19

LA condujo a la suite del sandalfón y despidió a la doncella que la estaba limpiando. Aunque indudablemente ella iba a informar de aquello a los uzzitas, no le importaba. Su lámed y su licencia de cirujano le daban más libertad que el jac medio.

Halla cerró la puerta e insertó en la cerradura una llave de frecuencia.

—Mis tías llamarán por QB a Dannto diciéndole que estoy bien —indicó.

Cada uno de sus movimientos y palabras pasaban unos dedos suaves y cálidos sobre la piel de Leif. De pronto Leif contuvo el aliento y sintió una constricción en su pecho. Sus manos y el dorso de su nuca temblaron.

Ella se volvió de la puerta y cruzó la habitación hacia un escritorio. Ya fuera consciente o inconscientemente, sus caderas se agitaron sólo un poco más de lo que lo hacían normalmente. Leif lo sabía, porque la había observado bastante a menudo aquel día. No había ninguna duda al respecto. Desde el momento en que le había mirado para decirle que deseaba estar sola, el aire se había vuelto cargado. Si la repentina sensación se hacía más intensa, estaba seguro de que estallaría. Estaba luchando contra una presión interna; algo estaba creciendo en él; había estado allí desde hacía largo tiempo, latente, aguardando a ser iniciado por una mirada, un movimiento.

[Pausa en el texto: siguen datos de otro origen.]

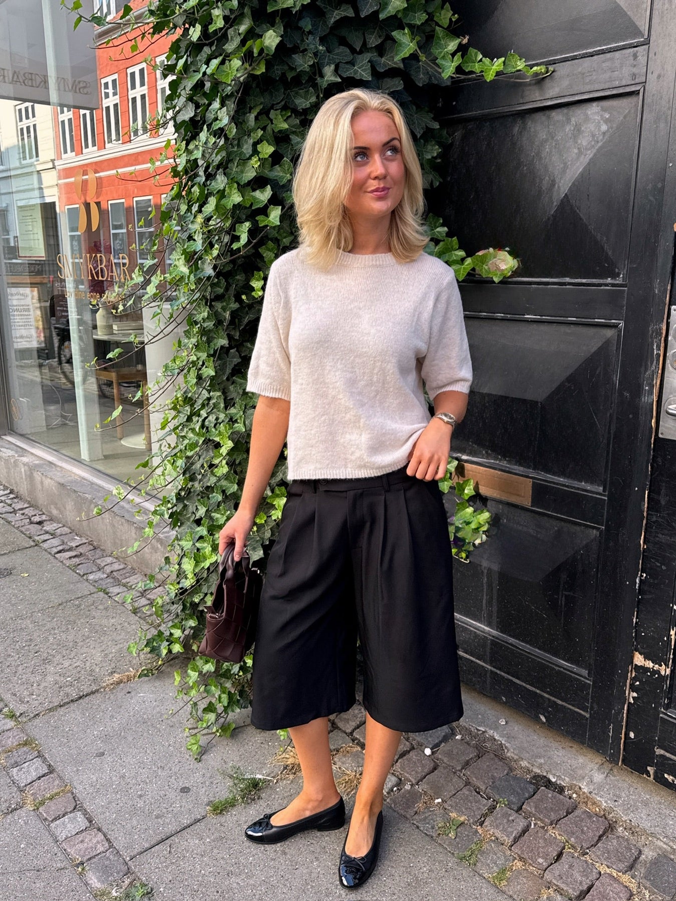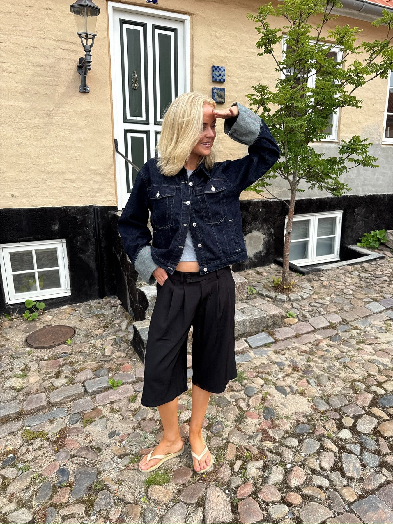 Disse sorte Nora Jorts kombinerer klassisk design med moderne komfort. Designet er enkelt og tidløst, men med elegante detaljer, der løfter looket og gør dem til et must-have i enhver garderobe. Den løse, knælange pasform kombinerer komfort og stil, hvilket gør shortsene både anvendelige til afslappede hverdage og til mere polerede outfits.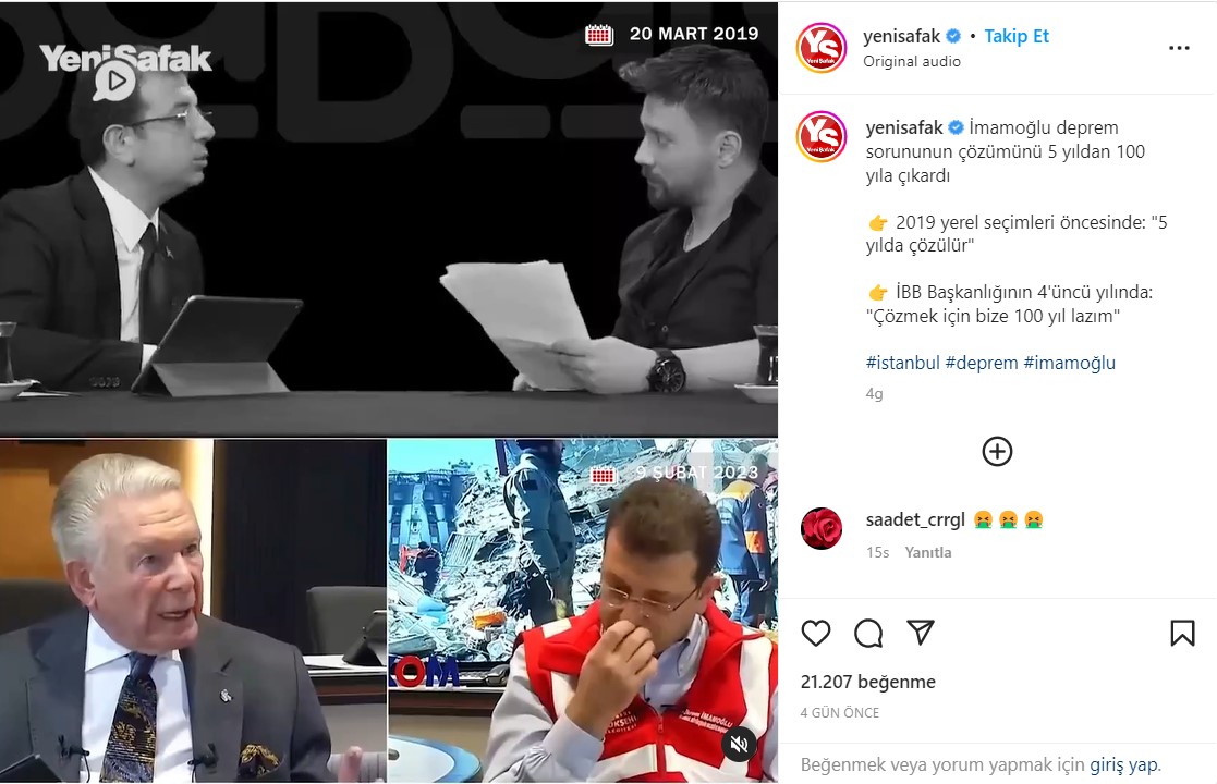 - Video, Uğur Dündar’ın 9 Şubat 2023’te Ekrem İmamoğlu ile yaptığı deprem özel yayınından alınmış.

—¡Halla! —dijo con voz baja y ronca, casi incapaz de hablar.

Ella se detuvo, con su espalda vuelta parcialmente a él, su espina dorsal rígida, la brusca rigidez alzando sus henchidos pechos. Un pequeño movimiento de su cabeza arrojó destellos de luz ondulando a lo largo del rojo pelo.

—Halla, ¿tengo que decir algo?

Ella se volvió tan rápido que casi perdió el equilibrio. Fue un movimiento que en otro tiempo le hubiera hecho sonreír. Ahora fue la chispa que crepitó a través de todo él y le hizo moverse a grandes zancadas hacia ella, los brazos extendidos, un resonar en su cabeza, avanzando hacia delante, sabiendo con todo su cuerpo que nada, nada en absoluto en este mundo, nada podía detenerle ahora.

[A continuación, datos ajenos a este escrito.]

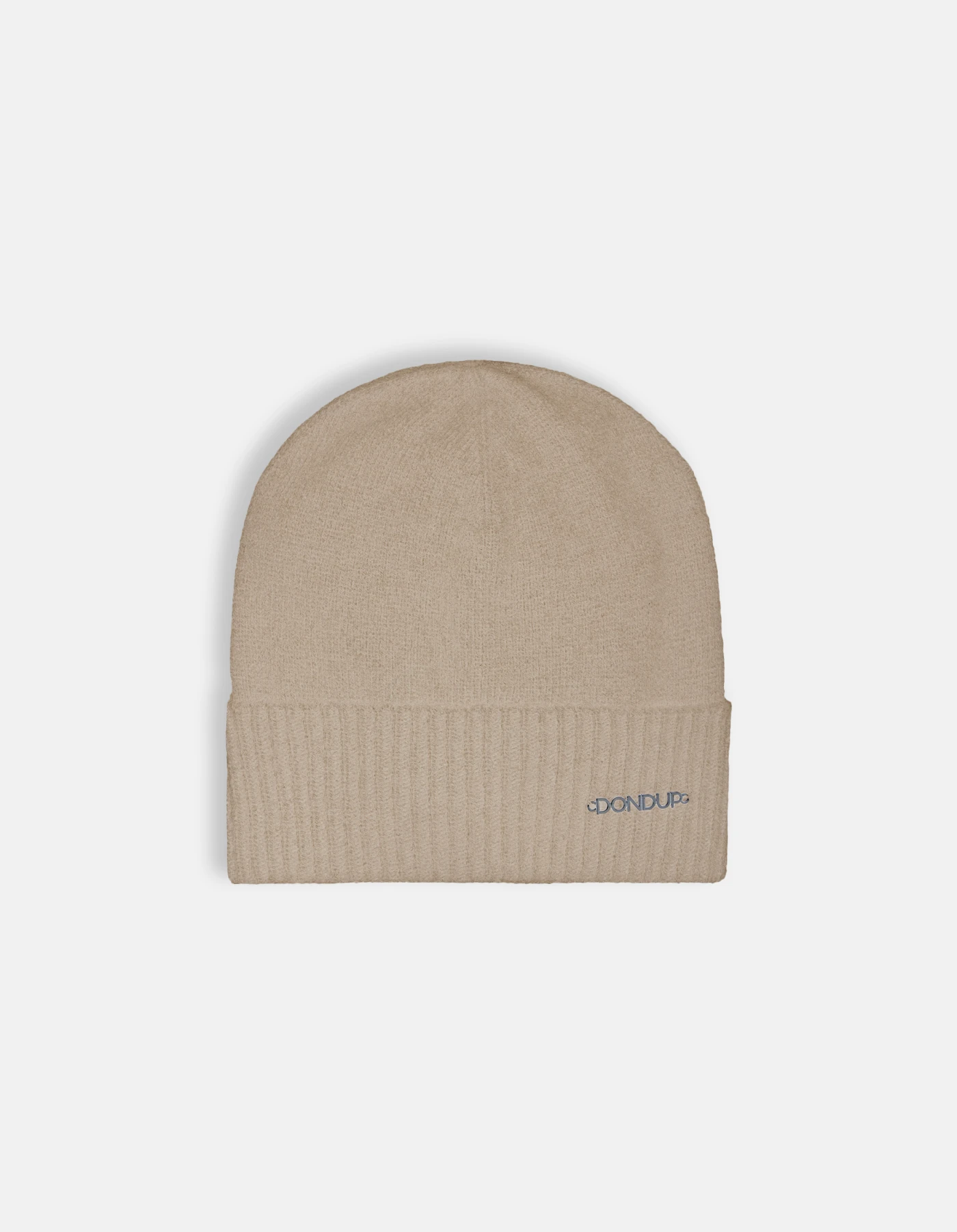 Cashmere hat with metal logo applique on the front. Cashmere. Dondup logo. Made in Italy

Apenas fue consciente de que, mientras la apretaba hacia atrás, hacia atrás, ella exclamaba.

—¡Leif, Leif, no dejes que Dannto me toque nunca! ¡Te quiero a ti, sólo a ti!

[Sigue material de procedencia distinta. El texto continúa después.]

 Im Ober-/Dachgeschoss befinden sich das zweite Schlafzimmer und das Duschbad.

Más tarde, como una llamada de la conciencia, unos nudillos golpearon la puerta de la suite. Halla se sentó envarada, los ojos muy abiertos, la boca una O escarlata, tirando inconscientemente de la sábana hacia arriba hasta su barbilla. Leif se llevó un dedo a los labios y se dirigió de puntillas hacia un armario. Cuando lo alcanzó, se volvió y le hizo seña de que respondiera. Luego sacó su automática.

Podía, razonó, abrirse camino fuera de allí sin problemas. Después de todo, como médico lámeduiano, tenía derecho a examinar a una mujer sin necesidad de que hubiera alguien presente. Por otra parte, sería mejor que no se supiera que había permanecido encerrado tanto tiempo con ella. Eso dependía de la identidad del que llamaba.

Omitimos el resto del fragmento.